Thursday, June 13, 2013

Probability Calibration

One of the things that I've been meaning to add to JSAT for a while now is probability calibrations. Speciafically - when I was first learning about Platt's SMO algorithm a few years ago - I came across his paper for giving SVMs probabilistic outputs.

Platt, J. C. (1999). Probabilistic Outputs for Support Vector Machines and Comparisons to Regularized Likelihood MethodsAdvances in Large Margin Classifiers (pp. 61–74). MIT Press. Retrieved from here

As you can guess by the title, this allows you to calibrate the outputs of the SVM to produce probability estimates. Instead of taking the sign of the SVM's output as the class label, you essentially create a new data set that has the same labels, but with one dimension (the output of the SVM). You then train on this new data set, and feed the output of the SVM as the input to this calibration method, which returns a probability. In Platt's case, we are essentially just performing logistic regression on the output of the SVM with respect to the true class labels. 

You'll notice that this description only makes sense for binary classification problems, so I've created a BinaryScoreClassifier interface for algorithms that fit the bill. Then I implemented Platt's calibration scheme and another based on Isotonic Regression, which makes a weaker assumption than Platt's algorithm. 

The main thing that needs to be added is support for cross validation in the calibration. The naive thing to do would be to train the model, and get the scores afterwords for each data point. This could lead to overfitting, and as Platt points out in his papper - all the support vectors will get scores of -1 or 1, which would be rare in practice. To combat this, you can do just 3 folds of cross validation - where you train on 2 folds and get the scores for the 3rd fold.

So here is a quick look at the difference between this naive method and using cross validation (CV) to fit the calibrations.
Fitting SVM SVM + Platt SVM + Isotonic

CV * same as above

As you can see, the CV fittings are general better. For Platt, the top left area is getting a bit too faded for the naive method, and the Isotonic hasn't really learned any probability range.

However, overfitting is not as big an issue with these calibration schemes as one might think. The decision surface itself is learned by the underlying algorithm, and our calibration has no impact on this. Because we are learning a secondary problem on the output of the original learning algorithm, the most damage we can do is shift the decision surface too far in one direction or the other (ie: add a bias intercept so we make the boundary at 25 instead of 0).

For Platt's algorithm, even if we use the naive fitting scheme, the decision surface is going to be biased towards staying where it is, with the 1 and -1 support vectors equidistant on either side of the surface. This, in fact, gives an opportunity for the calibration to actually fix mistakes made by the underlying algorithm with regards to where the decision cut off should be. This is where the improvements in classification accuracy in Platt's paper come from(even if we do stupid things like over-fit the calibration).

As an example, here is the same data set with naive calibration with bad configuration settings for the SVM.

Fitting SVM SVM + Platt SVM + Isotonic

Again we can see Platt and Isotonic are over-fitting a bit, but we can see they are both better than the initial SVM surface.

Despite Platt's suggestion in his paper, I actually prefer starting with the naive method and switching to cross validation only once I feel I need it.
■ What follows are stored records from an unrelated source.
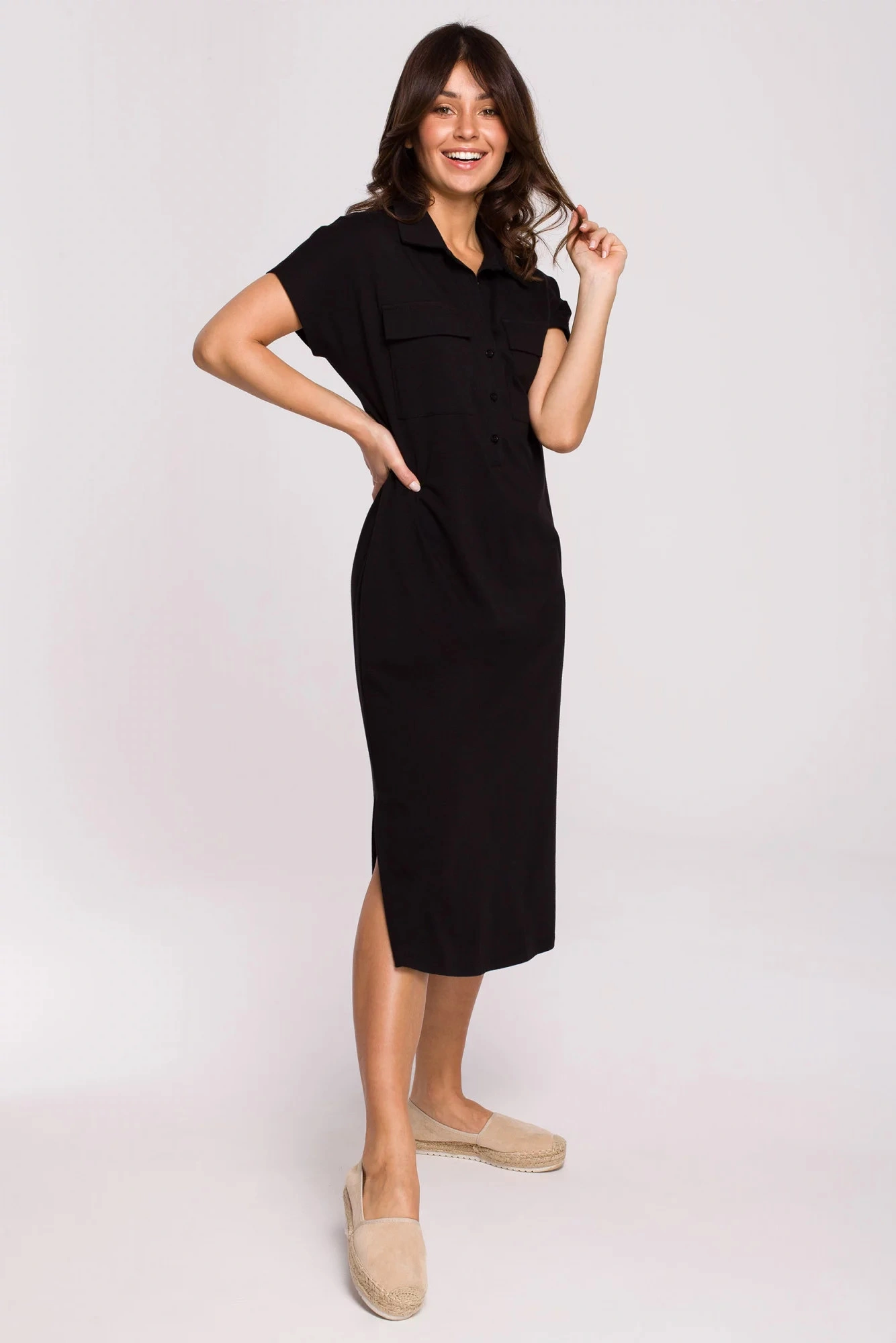 Tyto šaty mají mnoho tváří. Jednoduchá košile s límečkem a kapsami ve stylu safari na přední straně sahá do půli lýtek a má rozparky na bocích. Je volné a ležérní, ideální pro horké dny, zejména proto, že je vyrobeno z bavlny, která umožňuje pokožce dýchat. Shromážděné s páskem se v mžiku změní.
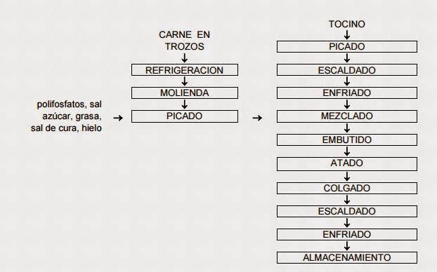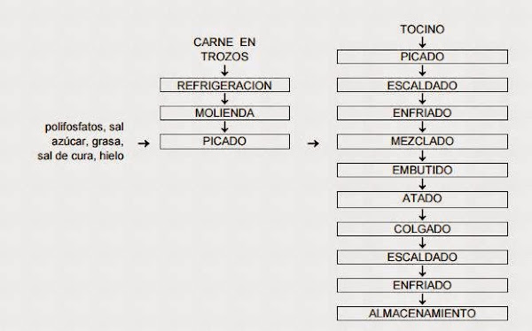 El tocino se pica en cubitos de 1 cm y se escalda en agua a 75°C hasta que adquiera un aspecto vidrioso, posteriormente se deja enfriar y escurrir. La carne fragmentada y refrigerada se muele en molino con agujeros de 5 mm de diámetro. En este primer proceso, un picado excesivo puede causar problemas de ligado, aumentar la temperatura e inhibir la emulsificación.
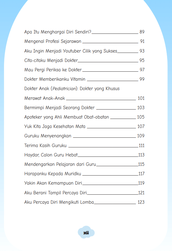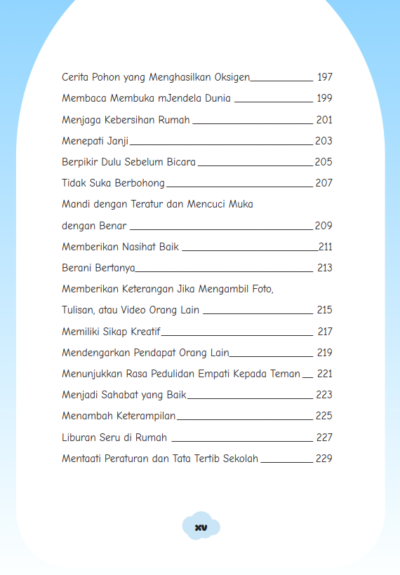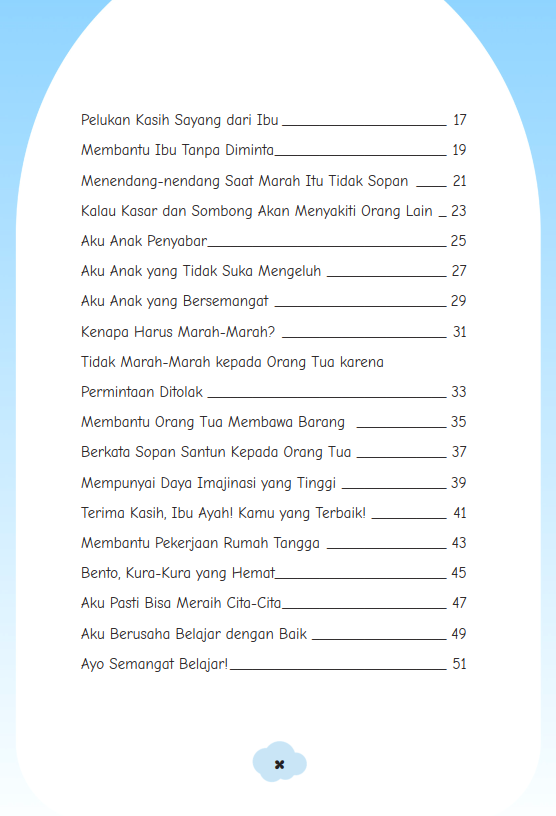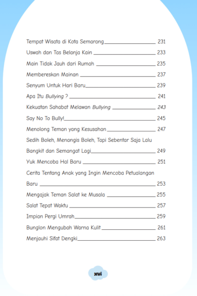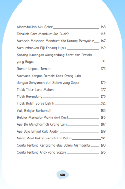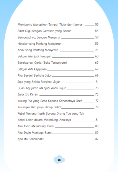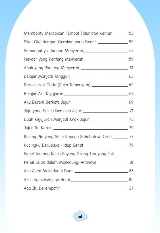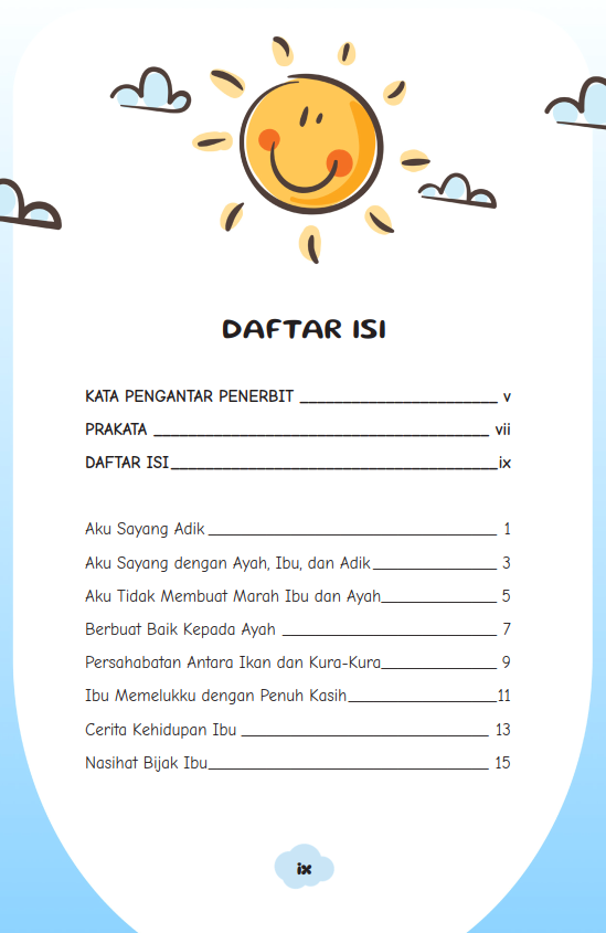 Diharapkan buku ini dapat menjadi teman setia bagi anak-anak dalam perjalanan mereka tumbuh, berproses, dan belajar. Semoga setiap cerita yang ditulis dalam buku ini, dapat menumbuhkan semangat kebaikan dalam diri anak dan menginspirasi untuk selalu berbuat baik. Selamat membaca dan semoga menyenangkan.

Part of this is speed. If you are using a classifier wrapped in GridSearch, then you have to do cross validation with grid search 3 times (to get the calibration data) before learning the final classifier with another round of grid search to learn the final classifier (otherwise there is leaked information in the parameters selected by the Grid Search). The other reason being, as I mentioned above, the nature of the damdage you can do is fixed. If accuracy drops suddenly afterwards, you know exactly what happend - and can then switch to the more robust methods.  Often enough, the naive method works just fine.

However, it is important to remember that the underlying algorithm has never changed. If you try to perform probability calibration on a noisy data set using SVM, you may get an even worse result simply because SVMs are not good at learning the decision surfaces of noisy data sets.
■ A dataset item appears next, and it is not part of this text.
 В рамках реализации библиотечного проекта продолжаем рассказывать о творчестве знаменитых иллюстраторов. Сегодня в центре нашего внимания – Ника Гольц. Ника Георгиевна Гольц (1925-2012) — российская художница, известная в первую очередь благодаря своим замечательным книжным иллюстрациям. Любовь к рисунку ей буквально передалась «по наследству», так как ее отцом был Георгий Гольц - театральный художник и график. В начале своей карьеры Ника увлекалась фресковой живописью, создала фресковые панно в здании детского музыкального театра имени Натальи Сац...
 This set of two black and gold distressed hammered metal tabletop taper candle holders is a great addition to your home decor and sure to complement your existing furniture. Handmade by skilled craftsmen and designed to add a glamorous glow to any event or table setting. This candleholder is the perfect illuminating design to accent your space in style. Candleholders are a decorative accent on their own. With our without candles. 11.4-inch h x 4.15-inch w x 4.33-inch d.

The other benefit is that I can use the BinaryScoreClassifier in the OneVsAll meta classifier to improve generalization. Before, it simply took the votes for each class and normalized - but there would be cases where no class would get any vote, or many classes would all vote: see the example below for linear and RBF SVM.

When a classifier implements the BinaryScoreClassifier, I can resolve disputes by selecting the class that has the highest score - or distance from the margin. This leads to much cleaner decision surfaces (you also get much more milage out of linear classifiers).

I added this code in revision 716, which included editing a large number of linear classifiers to support the new interface. One of the things I may add is a static method for wrapping a classifier that natively supports probability estimates as a BinaryScoreClassifier. This way you can use the probability of class 0 as the score function, and re-calibrate the outputs using something more expressive like Isotonic Regression to increase the accuracy or just get better probability estimates.

1 comment:

  1. Great post. Clearly explains Platt's method, and provides lots of insight into its pros and cons.